At the bottom level, the one with the most room, is The Wanna Be. We’ve all run into these people. These are the people who say, “I’ve always wanted to write a book” or “I have this great story inside of me.” We all start here. After all, we wouldn’t write a book if we didn’t think we could, or if we didn’t want to.

One level above that, with a little less space, is for those who are learning. These are people who don’t stop at wanna be. These are people who read craft books, agent/editor blogs, go to conferences, and are actually attempting to write this novel they say they want to write.

One level above that, with even less space, is for those who’ve finished a novel. For these people, writing is no longer lip service. They’ve actually put in the work and have pages to prove it.

Above that, with even less space, are those who’ve completed multiple novels. People who haven’t just put in the work once, but have committed to doing it again. And again. And again.

Above that, smaller still, are those who haven’t just written novels, but have gotten them publishedand have actually gotten paid for it.

And above that, at the very top, are those who are multi-published.

The higher the level, the smaller the space. Not because there’s less room and only the really cool people are allowed in, but because the higher you go, the more work that’s involved.

So what’s the point of the pyramid?

First, it shows that we all start at the bottom.Nicholas Sparks, JK Rowling, your critique partner, your mentor, your blogging friends…all of us have started at the bottom. There are lots of people at the bottom. Because, let’s face it, being at the bottom of the pyramid is easy. Any Joe Shmoe off the street can say they want to write a book. Wanne Be’s are everywhere. It takes grit, hard work, and perseverance to step up to the next level.

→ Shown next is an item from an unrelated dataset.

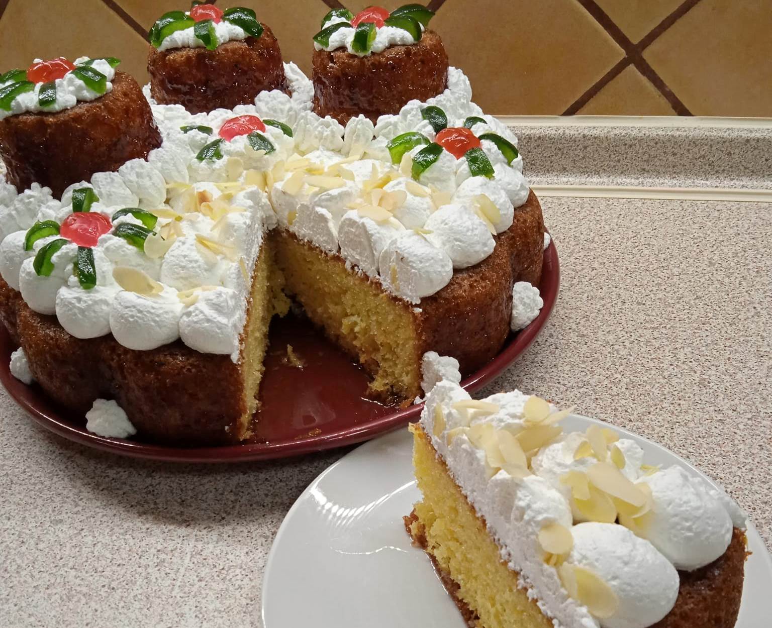 Όταν πιει το γλυκό μας το σιρόπι τοποθετούμε τον μπαμπά του ταψιού σε μια πιατέλα, χτυπάμε την κρέμα γάλακτος με την άχνη μέχρι να γίνει μια σφιχτή σαντυγί, καλύπτουμε με αυτήν το γλυκό μας.

Second, the pyramid helps us focus on one level at a time.We all start at the bottom, and we all move up one level at a time. Sure, some might move faster through the pyramid than others, but nobody skips a level. It’s a lot less overwhelming for me when I stop staring at the top of the pyramid. It’s a lot less overwhelming when I stop trying to figure out where everybody else is on the pyramid. Everything becomes a lot simpler when I step back and say, “Okay Katie, where are you, and what can you do to get to the next level?”

Questions to Ponder: So where are you on the pyramid? What steps can you take to move up to the next level? What do you do when you start to feel overwhelmed by the giant mass?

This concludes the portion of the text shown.